I swallowed hard. “So someone's watching me all the time? Pretending to be my friend and then taking notes about the things I say or do?”

“You're making it sound worse than it is. Most candidates don't know about their talent, but they do know they're different. They've often been ostracized or bullied for the very gifts that we want to encourage. They need extra attention. We're giving them that attention. We don't watch because we want to hurt anyone. We watch because we care about our candidates. We want to be there for them. And if they start going down the wrong path, we need to know that too.”

I wasn't entirely convinced, but Cam's face was so open and sincere, it was hard to doubt that he believed what he was saying. “Does everyone have a Watcher?”

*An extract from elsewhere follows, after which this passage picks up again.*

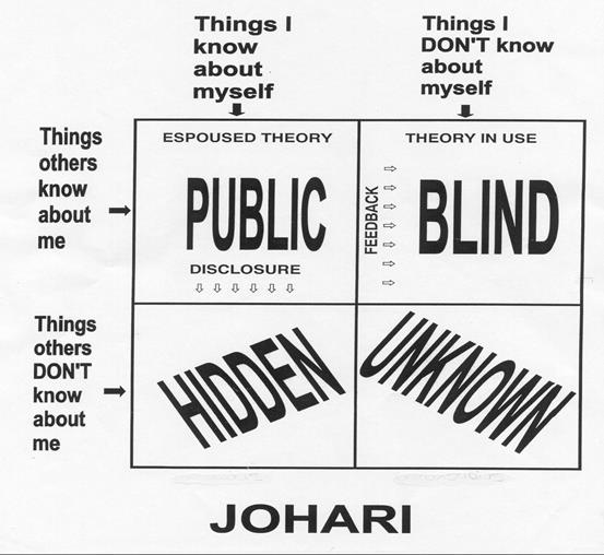 . The theory behind the model says that it is difficult to develop and maintain relationships unless we disclose information about ourselves, and solicit and accept feedback from others.

“Not exactly. The teachers, advisers, and team leaders do some reporting on every freshman. Technically, you're all candidates. But the reality is that most people never get past Level Two. Only a handful of candidates will be brought into the program, and we usually know who those people are before school even starts. Those are the ones who are given an individual Watcher.”

“Are you watching Jack?” I had to ask, even though his very name felt like taboo.

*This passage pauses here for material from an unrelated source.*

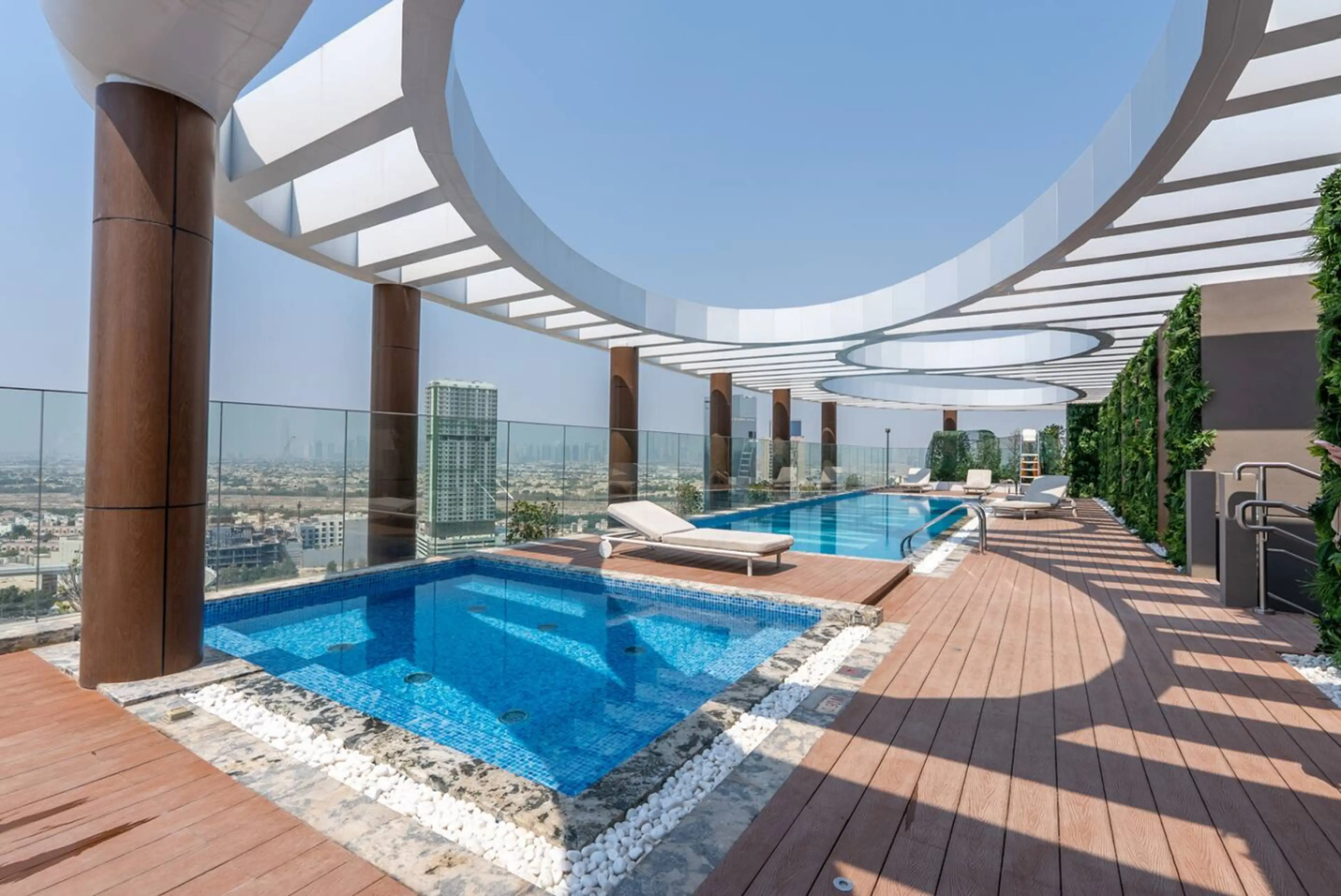 Welcome to our brand-new modern studio apartment, centrally located in Dubai! This fully equipped studio has everything you need to feel at home. Relax in comfort, take a dip in the refreshing rooftop pool, or stay active in the well-equipped gym. Kitchen: Step into the sleek, modern kitchen, comp...

“We all watch Jack,” Cam said grimly. “We know too much about him not to. But officially he's assigned to Trevor.”

My gaze darted around, meeting his and then pushing back, like the wrong end of a magnet bumping against another. “Okay. So what's the program?”

“Different things for different people. There's basic lessons, learning more about how talents work, the forces that they utilize, that sort of thing. After that you specialize. For me, it's learning how to read the vibrations I feel, how to identify more about a candidate than simply whether they have a Level Three Talent or not. They think maybe I can learn to tell from the time I recruit someone whether they can be trusted in the program. You'll learn about the forces you can control, and make sure you know exactly what you're doing so your talent doesn't end up hurting anyone.”

That made me shudder. I had hurt people. For years, I had hurt people every time I used my talent. Did Cam know that? What would he think of me if he ever found out?

“What happens to the ones who aren't asked to join the program?” I said.

He turned around and rested his back against the edge of the windowsill, staring forward as he ran his fingers through his hair. “Most of them never figure out what they could have been. They go through Delcroix, get trained in a lesser talent, and go on with their lives. The ones that do figure it out, well, that's why the program exists in the first place. To protect the rest of the world from the ones who would do harm.”

I looked down at my hands. “And you think I could do that? Help protect people?”